James sieht mich prüfend an, während er sich vor mir aufbaut. Ich wünschte, er wäre schon genauso betrunken wie Jess, die gerade torkelnd neben mir zum Stehen kommt und aufstößt.
"James", kommt es kühl über meine Lippen.

"Sieh mal einer an. Das prüde Hühnchen ist auch hier? Hast du sie etwa eingeladen, James?!"
Dieser unliebsame Kommentar kommt von niemand geringerem als Carlos.
James kleinem Handlanger, wie ich ihn immer gerne nenne.

Ich werfe Carlos einen eiskalten Blick zu und stelle mir innerlich vor, wie sein blonder Kopf explodiert.
"Lass gut sein, Mann", kommandiert James, und an mich gewandt: "Ich freue mich, dich mal wieder hier zusehen."
Carlos pfeift zwischen den Zähnen hindurch.

Ich presse meine Kiefer aufeinander und betrachte lieber den roten Becher in James' Hand, als ihm in die eisblauen Augen zu sehen.
Auch er trägt eine Lederjacke, seine ist allerdings wesentlich älter als meine und am Kragen schon ganz speckig - auf die coole Art und Weise.

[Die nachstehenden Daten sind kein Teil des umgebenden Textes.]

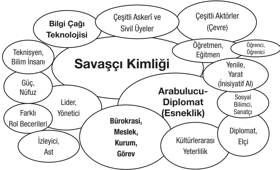
Şekil 2. Postmodern askerî kültür.

Bu proje, kültürün muğlak yanlarını, parçalanmışlığını ve tezatlarını yeterince hesaba katmayan geleneksel ve tekdüze kültür görüşlerinden (Geertz, 1973; Griswold, 1994; Schein, 2010) farklı olarak esnek ve pragmatik bir kurama ve avantajlı bir kültürel araç setine (Swidler, 1986, 2001) dayanıyor. Kültürel araçlar çağdaş askerî kültürün daha kapsamlı şekilde anlaşılabilmesini sağlıyor. Bu makale, kültür kavramını çokça tartışmalı bir araç seti olarak tanımlıyor. Bu araç setinin içinde yönelimler (orientations), araçlar, şemalar (bilişsel yapılar), çerçeveler, yasalar, anlatılar, alışkanlıklar, tarzlar, diller, semboller, değerler, inançlar ve varsayımlar mevcuttur. Tüm bunlar hep birlikte bir gruba, kuruma ya da topluma ortak bir anlam, kolektif bir kimlik ve eylem stratejileri sağlar (DiMaggio, 1997; Ender, 2009; Sewell, 1992; Swidler, 1986, 2001; Winslow, 2007). Elbette bu tanım, Swidler'in karşılıklı bağımlılık ve özerklik gibi zıt kültürel araçların dirsek teması içinde bulunmasına bir şekilde izin veren kültürel araçlar kavramının (Swidler, 2001) adapte edilebilir bir uygulamasıdır. Ayrıca kültürün bu şekilde kavramsallaştırılması Winslow'un (2007) bu iş için uygun olan askerî kültür kuramından da faydalaniyor. Bu kuram, entegrasyon, farklılaşma ve parçalanmayı bünyesinde barındırıyor. Bilhassa çağdaş savaşların ve silahlı kuvvetlerin parçalanmış doğası, postmodern askerî kültürün yükselişini destekliyor (Williams, 2008; Zalmon, 2006).

"Wir müssen nicht reden, wenn du nicht willst, aber ich würde gerne ..."
Er lässt das Ende des Satzes im Sand verlaufen und neigt den Kopf.
Seine berühmte einzelne Haarsträhne, die ihm immer in der Stirn hängt, zieht meine Aufmerksamkeit auf sich.
Ich ziehe die Schultern hoch, schaue zu den Familienfotos auf dem Kamin.

Ein neuer Song erklingt und die tiefe, markante Stimme eines Rappers schallt durch den Raum, der seit James' Anwesenheit irgendwie geschrumpft ist.
"Ich glaube, sie bleibt lieber hier", meldet sich Jessica zu Wort.
Doch sie klingt wenig authentisch und bricht den Blickkontakt zu James nach wenigen Sekunden ab.

"Ist schon okay."
Höre ich mich sagen.
AJ greift nach meinem Arm.
"Ich glaube, nicht -", setz er an, ein kläglicher Versuch mich zu retten.

"Du hast sie gehört, Mann", fährt James ihn von der Seite an.
AJs fragende Augen bohren sich in meine. Ich nicke kaum merklich.
Er lässt mich los und ich folge James, der sich bereits in Bewegung gesetzt hat.
Selbstsicher wie eh und je schreitet er durch die feiernden Menschen und macht mir damit den Weg frei.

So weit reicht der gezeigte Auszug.